Project that using abstraction of a model and data to define structures that can be used for learning. Model can bee learned by gtrain function to fit the data properly. By model, I mean an arbitrary neural network or some other structure that can be represented in TensorFlow.

This abstraction allows to implement almost everything you want without need to reimplementing learning algorithm all the time.

For example, it can easily handle various input lengths witch is not common in other implementations.

However, it is necessary to define model from scratch in TensorFlow framework. On the other hand, this process is inevitable when you want to use some uncommon architecture.

Usage

Below, crucial concepts used by functions gtrain and stran are presented. Some of

Model and Data describe methods of the classes that have to be overridden by their subclass.

Finally, algorithm descriptions shows how the functions operate and use some of their parameters.

Model

build() The method that creates model's representation in TensorFlow. It also stores some placeholders that are returned by other methods of the model.

get_loss() Returns placeholder for a loss function.

get_placeholders() Returns a list of placeholders for the input and output.

train_ended(session) Executes after the training stops with session in which tre training was done.

name() Returns a specific name for given object.

Following methods are specific for the classification task, so in other cases, they can be implemented as some dummy functions, e.g., returning 1 all the time.

get_hits() Returns placeholder for a number of correctly classified samples.

get_counts() Returns placeholder for a number of samples passed into the model.

If you are familiar with TensorFlow sumarries then functions get_train_summaries() and get_dev_summaries allow you to add summaries into the training and validation steps, respectively.

Data

set_placeholders(placeholders_list) It is called with an output from the method Model.get_placeholders() before training starts.

train_ended() Executes after the training stops.

get_dev_batches() In validation stage, it returns a generator returning feed dictionaries for the tf.Session.run function. Each dictionary should have a value for each of previously obtained placeholders.

get_batches() Similar to get_dev_batches but in the training stage.

gtrain - algorithm description

Below, a short description of the gtrain function is presented. The description aims to understanding of the synchronisation of the gtrain function and descendants of the Model and Data with respect to parameters num_steps and evaluate_every.

For simplicity, the text between *** describes what is happening in the place where it is located without using Python syntax.

def gtrain(model, data, num_steps, evaluate_every):
    model.build() # build model in newly created TF session
    data.set_placeholders(model.get_placeholders())
    for training_step in range(num_steps):
        # train step
        for feed_dict in data.get_batches():
            ***Accumulate gradients, loss, and accuracy***
        ***Apply gradients to the model by selected optimizer***
        if training_step % evaluate_every == 0:
            # evaluation step
            for feed_dict in data.get_dev_batches():
                ***Accumulate loss and accuracy***
            ***Log validation loss and accuracy***
            if ***Loss increses***:
                ***Increment fails counter***
    data.train_ended()
    model.train_ended(***current session***)
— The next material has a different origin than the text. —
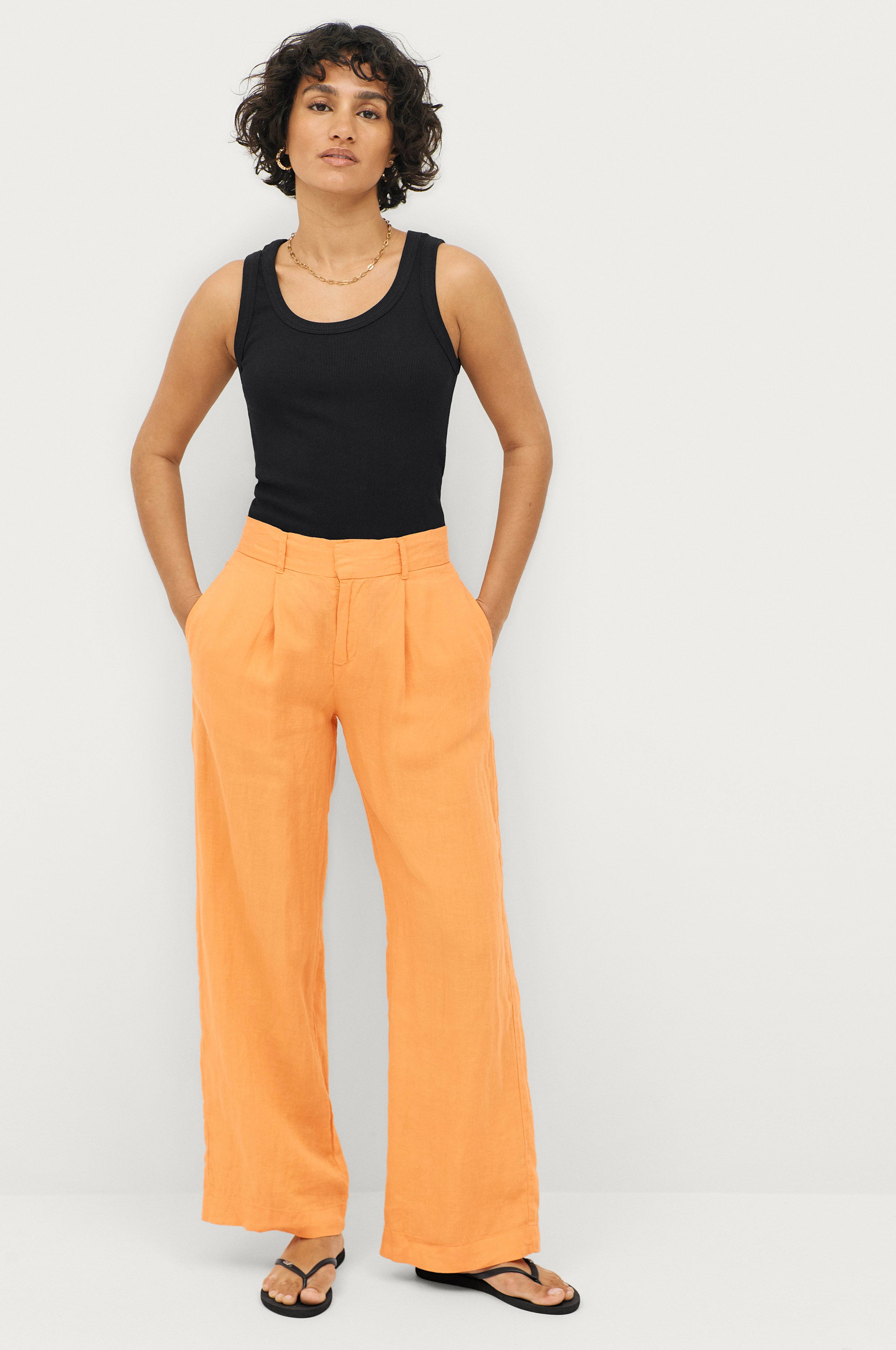 Tyylikkäät leveälahkeiset pellavahousut, jotka istuvat hyvin ja ovat mukavat ja viileät osittain takana olevan kuminauhan ansiosta, mutta myös siksi, että ne ovat 100% pellavaa.…

The accumulating procedure helps with memory requirements for large datasets. In addition, it allows the application of variable input size. It the such case, get batches functions returns a part of the batch with different sizes.

Please, be aware that parameter num_steps refers to the sum of application of optimizeri, i.e., how many times the weights are changed. So, if the data contains batch_count batches then training algorithm with epoch epochs has num_steps = 100 * batch_count * epochs and evaluate_every = batch_count * epoch.

strain - algorithm description

def strain(model, data, num_steps, session=None):
    if session is not None:
        session = tf.Session()
        with session.as_default()
            model.build()
            session.run(tf.global_variable_initializer())

    data.set_placeholders(model.get_placeholders())

    for _ in range(num_steps):
        for feed_dict in data.get_batches():
            ***Applie gradients with respect to data in feed_dict***
    data.train_ended()
    model.train_ended(session)
    return session

Examples

There are implemented examples of the subclasses of Model:

  • FCNet is representation of the multilayer perceptron.

  • TextCNN is convolutional nerual network for a text classification. Architecture of a type: convolution, over-all max pooling, additional fully connected layers.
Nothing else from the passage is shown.